Query on a large database

Question

Query on a large database

sreeya

SSC Eights!

Points: 979
More actions
October 19, 2015 at 8:15 pm

#312431

Hi All.
I was asked to create a report on very large data. Below are the requirements. Any help would be greatly appreciated. Thanks.
We have a very large fact table with 100 millions of records. I will have to create a report on that table. I just created a query and it is taking more than an hour to retrieve Month's worth of data. As this report will be used by our customers, it should not take longer than 15 seconds. Would creating tables with precalculated values help improve the performance.
Thanks.

Viewing 15 posts - 1 through 15 (of 104 total)

You must be logged in to reply to this topic. Login to reply

Sergiy SSC Guru Points: 110208 More actions · Answer 1

Make sure you have a clustered index on "record date time" column.

Then selecting of a monthly range of records will work really fast, and the rest of conditions would apply to that small subset, so whatever they are they could not affect performance of the query.

_____________
Code for TallyGenerator

Kristen-173977 SSCrazy Eights Points: 8687 More actions · Answer 2

Sergiy (10/19/2015)
Make sure you have a clustered index on "record date time" column.

I would only re-create a clustered index if there isn't one already - any existing clustered index may well be critical to something else.

If a clustered index already exists then I would try creating a non-clustered index on "record date time" to improve the report

Gail Shaw SSC Guru Points: 1004504 More actions · Answer 3

Table definitions, index definitions, query and actual execution plan please.

Gail Shaw
Microsoft Certified Master: SQL Server, MVP, M.Sc (Comp Sci)
SQL In The Wild: Discussions on DB performance with occasional diversions into recoverability

We walk in the dark places no others will enter
We stand on the bridge and no one may pass

Jayanth_Kurup SSC-Insane Points: 22967 More actions · Answer 4

with 100 million rows your better off using a Columnstore index or moving the table to SSAS. If the report requires data on a monthly basis partitioning it by month could help improve the performance. What you need to understand in this case is that most of the performance issue your facing is likely because of the massive IO of fetching data from disk , or aggregating large data sets (CPU issues), indexes help search for an eliminate unwanted rows, but if you still have millions of rows after the fact your will still face performance issues that require a suitable technology to be used.

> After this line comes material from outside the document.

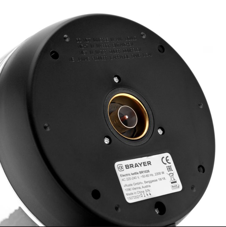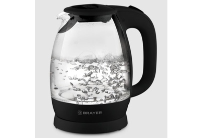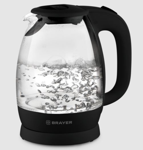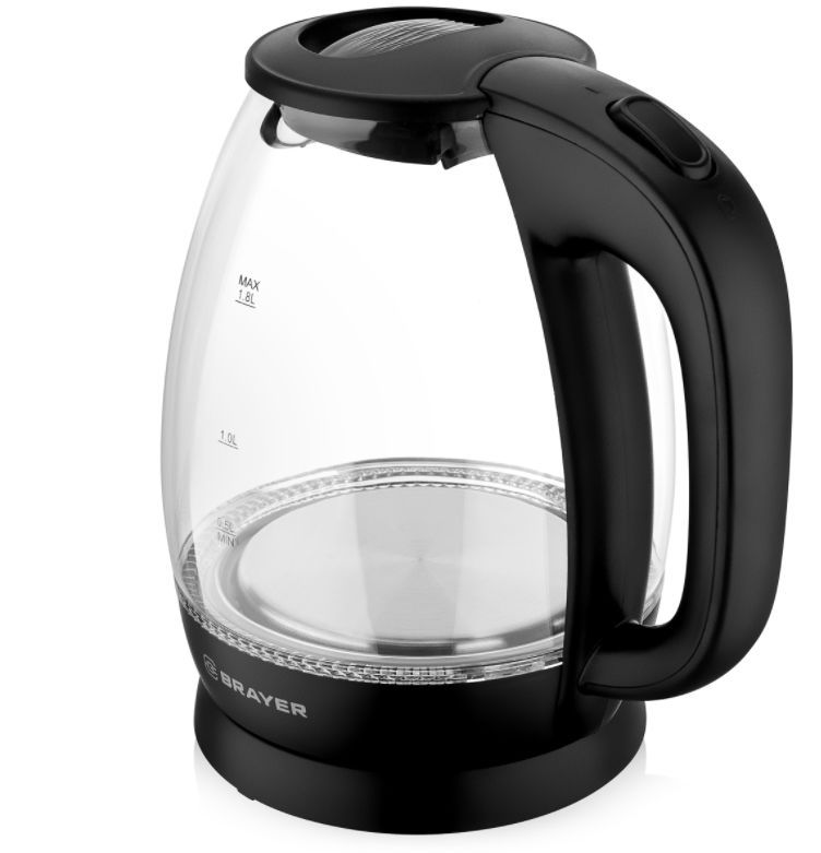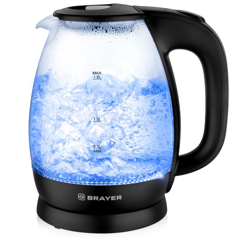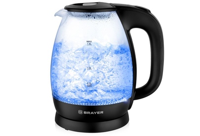 1026BR Чайник электрический BRAYER, 2200 Вт, 1,8 л, высокопроч.стекл, подсвет, автоот, моющ.фильтр Максимальная мощность 2200 Вт Максимальный объём 1,8 л Корпус из высокопрочного термостойкого стекла Внутренняя подсветка Автоотключение при закипании воды Отключение при отсутствии воды Моющийся фильтр Противоскользящее основание Электропитание 220-240 В, ~50-60 Гц

Summary tables are a good solution but you will loose granularity and might need to create many different summaries at different grouping for different reports and this can become unmanageable over a period of time.

Jayanth Kurup[/url]

Luis Cazares SSC Guru Points: 183706 More actions · Answer 5

A fact table with 100 million rows is not that large comparing it to the tables I had in my previous company. However, good indexing is important. We can't give any advice without the information asked by Gail. For more detailed explanation on what we ask, read the following article: http://www.sqlservercentral.com/articles/SQLServerCentral/66909/

Luis C.
General Disclaimer:
Are you seriously taking the advice and code from someone from the internet without testing it? Do you at least understand it? Or can it easily kill your server?

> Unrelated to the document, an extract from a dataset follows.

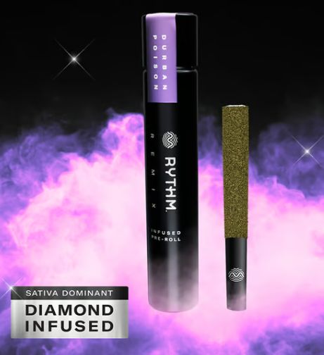 A sativa-dominant strain with a complex palette of sweet, earthy, piney flavors, Durban Poison is known to keep energy sparked. Remix pre-rolls feature RYTHM premium indoor flower double infused with THCa diamonds and kief for maximum potency and fine-tuned with 100% natural terpenes.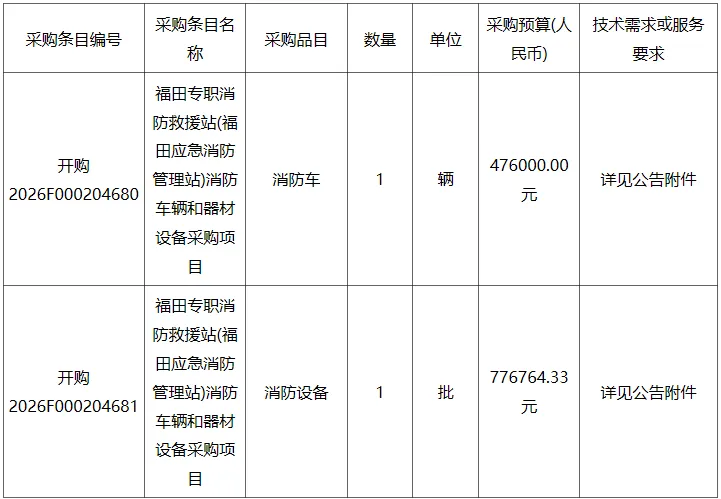 福田专职消防救援站(福田应急消防管理站)消防车辆和器材设备采购项目招标项目的潜在投标人应在江西省公共资源交易网获取招标文件,并于 2026年02月28日09点30分 (北京时间)前递交投标文件。

How to post data/code on a forum to get the best help: Option 1 / Option 2

sreeya SSC Eights! Points: 979 More actions · Answer 6

Thanks all for your suggestions. Here is more information on the table design etc:

I will need to create a report on below tables.

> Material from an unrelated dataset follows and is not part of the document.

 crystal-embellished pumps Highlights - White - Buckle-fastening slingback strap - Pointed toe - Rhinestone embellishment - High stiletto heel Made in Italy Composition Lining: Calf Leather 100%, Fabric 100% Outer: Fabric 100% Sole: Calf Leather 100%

Order Facts Table has below columns:

ID bigint Clustered, Date(datetime), StoreItemID int, CustomerID bigint

We also have a non clustered index on Date includes (Storeitemid,CustomerId)

Store Items table:

ItemID int Clustered, ItemName nvarchar(100), Item Category nvarchar(100)

The same Customer may purchase multiple times on the same day plus we have about 100 millions of active users. As I said facts table is pretty big with more than several millions of transactions each day.

Report should show customers by Item purchased in a month and Customers by Item Category in a month.

Gail Shaw SSC Guru Points: 1004504 More actions · Answer 7

GilaMonster (10/20/2015)
Table definitions, index definitions, query and actual execution plan please.

Table and indexes as their CREATE statements please, it makes things easier to read

Gail Shaw
Microsoft Certified Master: SQL Server, MVP, M.Sc (Comp Sci)
SQL In The Wild: Discussions on DB performance with occasional diversions into recoverability

We walk in the dark places no others will enter
We stand on the bridge and no one may pass

ChrisM@Work SSC Guru Points: 186127 More actions · Answer 8

sreeya (10/20/2015)
Thanks all for your suggestions. Here is more information on the table design etc:
I will need to create a report on below tables.
Order Facts Table has below columns:
ID bigint Clustered, Date(datetime), StoreItemID int, CustomerID bigint
We also have a non clustered index on Date includes (Storeitemid,CustomerId)
Store Items table:
ItemID int Clustered, ItemName nvarchar(100), Item Category nvarchar(100)
The same Customer may purchase multiple times on the same day plus we have about 100 millions of active users. As I said facts table is pretty big with more than several millions of transactions each day.
Report should show customers by Item purchased in a month and Customers by Item Category in a month.

GilaMonster (10/20/2015)
Table definitions, index definitions, query and actual execution plan please.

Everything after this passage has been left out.